Justice Scalia’s moral insensitivity took on special proportions during the oral argument on the Patient Protection and Affordable Care Act. Opponents of the Act including Paul Clement before the Supreme Court argued that the Commerce Clause entitles Congress to regulate activity but not inactivity and, therefore, requiring people to buy health insurance regulated their inactivity and was beyond the reach of the Commerce Clause. This is a dubious argument. For example, for many years the National Labor Relations Act enacted by Congress under the Commerce Clause has mandated that members of bargaining units pay unions for bargaining on their behalf even if they are ideologically opposed to unions and the subjects bargained for on their behalf. That their inactivity of not paying dues has been the subject of the requirement has long been thought to raise no Commerce Clause problem. First Amendment challenges to this mandate have been rejected as well except when the union is using the money for political purposes instead of collective bargaining. Of course, the Taft Hartley Act has since provided that states generally may prohibit a mandate in their jurisdiction. But this concession to federalism is constitutionally permitted. It does not speak against the constitutionality of the union dues mandate. If it did Congress would not have had the power to pass the mandate in the first place.
Is there a distinction between the union mandate and the health insurance mandate? Some Republicans argue that you can avoid the mandate by not working, but short of death, you cannot avoid the health insurance mandate. True from a formal perspective that ignores the importance of working, but from a Commerce Clause perspective, so what?
In response to Clement’s argument, Solicitor General Verrilli argued that regulation was necessary and proper under the Commerce Clause because unlike other markets, federal law requires that those providers of hospital services receiving Medicare or Medicaid funds (i.e., virtually all hospitals) must provide emergency care to all regardless of ability to pay. From this perspective, it makes sense to require that persons able to purchase insurance do so. And as Verilli observed, the requirement to provide care flows from ”the social norms to which we have obligated ourselves.”
Enter Justice Scalia with a breathtaking response even from him. Scalia triumphantly replied, “Well, don’t obligate yourselves.” This week’s Commonweal editorial response is dead on, “The implication of Scalia’s remark was chillingly clear: if victims of car accidents arrive at the emergency without insurance, hospitals must be allowed to let them die on the curb . . . .”

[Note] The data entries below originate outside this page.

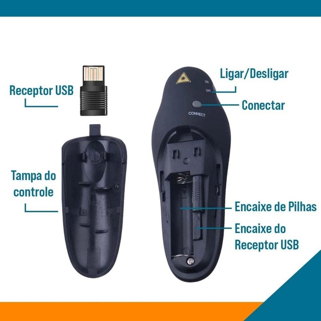 Controle Apresentador Caneta de Slide Sem Fio Passador Power Point Aula Palestra Com Laser
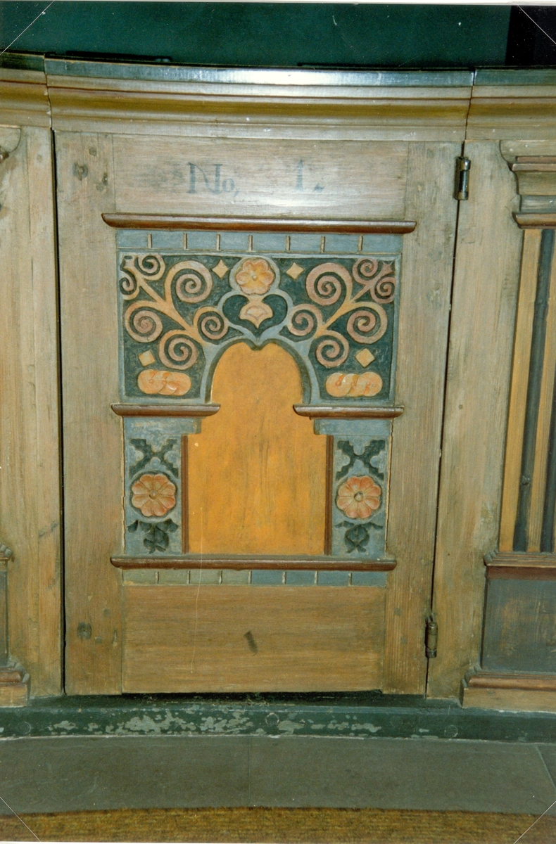 Dörr med målad dekor till kyrkbänk i Mortorps kyrka.
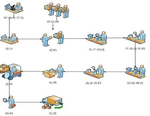 下圖為“高低溫實(shí)驗(yàn)箱”生產(chǎn)工藝流程,從生產(chǎn)計(jì)劃——組織材料——實(shí)施生產(chǎn),然后是半成品——質(zhì)檢驗(yàn)收——組織總裝,最后是成品驗(yàn)收數(shù)量——包裝裝箱——試驗(yàn)箱出倉(cāng)。
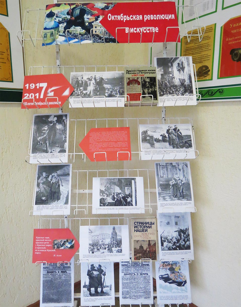 В преддверии 100-летия октябрьской революции, в фойе центральной библиотеки оформлена тематическая выставка «Октябрьская революция в искусстве». На ней представлены книги, иллюстрации картин знаменитых художников, отражающие исторические события того времени. Данная выставка дает возможность каждому читателю почувствовать атмосферу тех революционных дней и составить свое мнение об этой знаковой дате в истории.
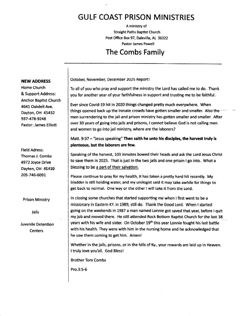 The Combs Family – Golf Coast Prison Ministries

Regrettably, Scalia is not alone. One can still hear the echoes of the applause heard in Republican primary debates when sentiments similar to his were expressed by a Presidential candidate. An odd group those Republicans. They deny Darwin’s biology of natural selection. But social Darwinism is increasingly popular. They claim to be Christians. But what kind of Christian applauds at the failure to help the sick and the poor? I really don’t know. I do think it is sad and somewhat frightening that Christianity has been so seriously perverted by so many people.